DESCRIPTION OF THE TASK:
One exact copy of the listing, minus the images, is the required answer.

SUPPLIED DATA:
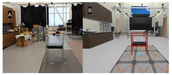 Representation of the environment in (A) real world and, (B) Virtual Reality.
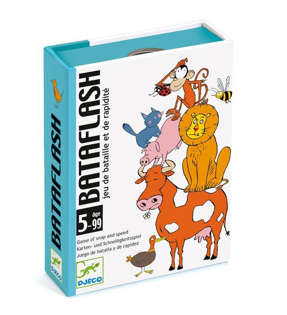 Bataflash est un jeu d’observation et de rapidité dans un méli-mélo d’animaux. Pour être le premier à trouver l’animal en commun à toutes les cartes, il faut avoir l’oeil. S’il n’y a aucun animal commun, il faut crier « Bataflash » pour gagner les cartes. Le premier à récupérer toutes les cartes du jeu gagne la partie. Ce Jeu de bataille et de rapidité est parfait pour développer le sens de l’observation des plus petits.
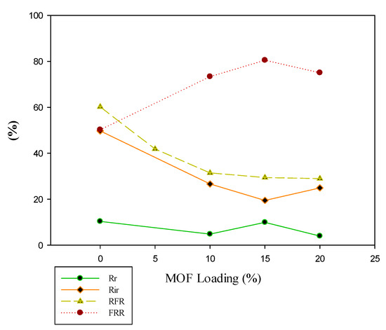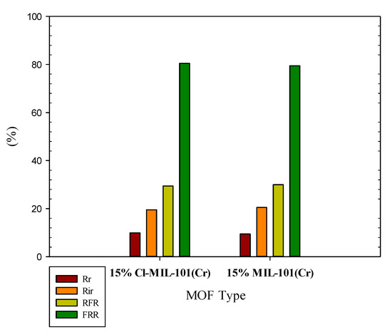 Examination of other membrane parameters related to antifouling properties and cleaning efficiencies such as reversible and irreversible resistances, relative flux reduction, and flux reversal ratio were depicted in Figure 9 and Figure 10. The results show that the addition of cationic M101 reduce the irreversible fouling resistance and the flux drop of the membranes. Therefore, it can be expected that in the long-term tests, dye solution permeates for the membranes fabricated with up to 15% cationic MOF as filler is associated with higher stability and was at a high level for a more extended period. Moreover, the membrane constructed with the initial MOF had more irreversible resistance and a lower flux ratio than that of modified positive MOF.
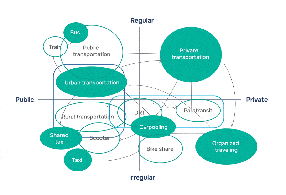 Flexible transit. On-demand transportation. Demand-responsive transit. Mobility on-demand. App-enabled private multi-passenger transportation service. Microtransit. (Macrotransit?)

TASK ANSWER:
 Representation of the environment in (A) real world and, (B) Virtual Reality.
 Bataflash est un jeu d’observation et de rapidité dans un méli-mélo d’animaux. Pour être le premier à trouver l’animal en commun à toutes les cartes, il faut avoir l’oeil. S’il n’y a aucun animal commun, il faut crier « Bataflash » pour gagner les cartes. Le premier à récupérer toutes les cartes du jeu gagne la partie. Ce Jeu de bataille et de rapidité est parfait pour développer le sens de l’observation des plus petits.
 Examination of other membrane parameters related to antifouling properties and cleaning efficiencies such as reversible and irreversible resistances, relative flux reduction, and flux reversal ratio were depicted in Figure 9 and Figure 10. The results show that the addition of cationic M101 reduce the irreversible fouling resistance and the flux drop of the membranes. Therefore, it can be expected that in the long-term tests, dye solution permeates for the membranes fabricated with up to 15% cationic MOF as filler is associated with higher stability and was at a high level for a more extended period. Moreover, the membrane constructed with the initial MOF had more irreversible resistance and a lower flux ratio than that of modified positive MOF.
 Flexible transit. On-demand transportation. Demand-responsive transit. Mobility on-demand. App-enabled private multi-passenger transportation service. Microtransit. (Macrotransit?)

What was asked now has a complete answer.